Skydiving club uses a 727?!!!

I was watching one of those real video-type programs a couple of days ago. One video was a skydive gone wrong. What really blew me away was theat they jumped out of a 727. How the heck can a skydive club afford that? Even if it was a short-term lease, the fuel cost has to be outrageous. What’s the story on that? Where do jump clubs get bad-ass planes like 727s and Pilatus Turbo-Porters?? Even that single turbine ain’t cheap.

It appears (from a Google search for “skydive 727”) that they use a 727 at least some of the time at the World Skydive Competition. I’m sure there’s some big money in that, a little more than just a local skydiving club.

Actually, it might make sense, you can load a lot of people up on that one plane, not having multiple smaller planes or repeated trips.

Probably a charter. It wouldn’t cost much more than a regular trip would it? And like D.B. Cooper found out, that lower stair would make jumping much easier.

I don’t know the numbers on how much a 727 rents for per hour, but given what I know of airplane economics (being a renter pilot) under some circumstances renting one huge plane could be less expensive than renting a fleet of smaller ones.

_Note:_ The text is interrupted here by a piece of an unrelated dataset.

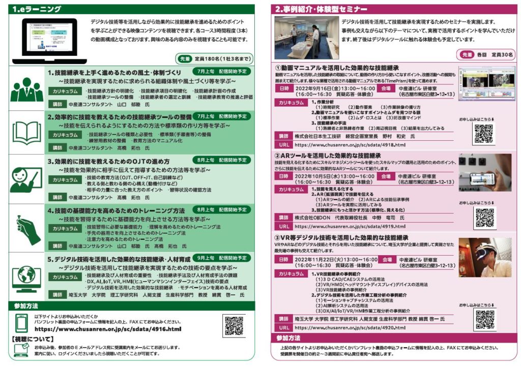 実証事業に参画する企業様には、技能継承のために「eラーニング」「セミナー」「ハンズオン支援」を実施していきます。弊社もセミナー、ハンズオン支援の一部を担当する予定です。

Another factor to consider is that the airplane in question only needs to carry enough fuel for the job at hand. We’re not talking about a 3 hour trip here, more like 10-15 minutes (skydivers please adjust that figure if I’m off base) plus another 10 -15 to return to the runway. That’s what, a 30 minutes total? (Plus mandatory FAA minimums for reserve) That’s gotta be less jet fuel than the airlines tank up with for a typical trip. Plus, no need for meal service. That’ll save some money (and indigestion).

Not to mention that, by having one airplane instead of a dozen aloft you dramatically cut the possibility of mid-air collisions, so arguably it’s safer, too.

Makes sense to me. I wonder how much it does cost to rent a 727 per hour…

Would they have to hire the 727’s crew as well?

Exactly. The 727 is probably the biggest readily available airplane than you can easily jump out of because of that rear airstair. Handles shortish fields well, and doesn’t require much ground support equipment. The cost probably isn’t that bad when you divide it by >130 people. I’m sure you can really pack em in there with no seats.

Yes. Who knows, they may like to jump themselves and would do it for free.

That sounds like a bad idea to me.

Yeah, that didn’t come out quite right. :slight_smile:

How slow can you fly a 727?

And if it were the World Skydiving Championships, then they may well have got some financial help from Boeing or the operator as it would be good advertising.

If I were out at the airport I could give you an exact number. Skydiving exit speed is 155 knots.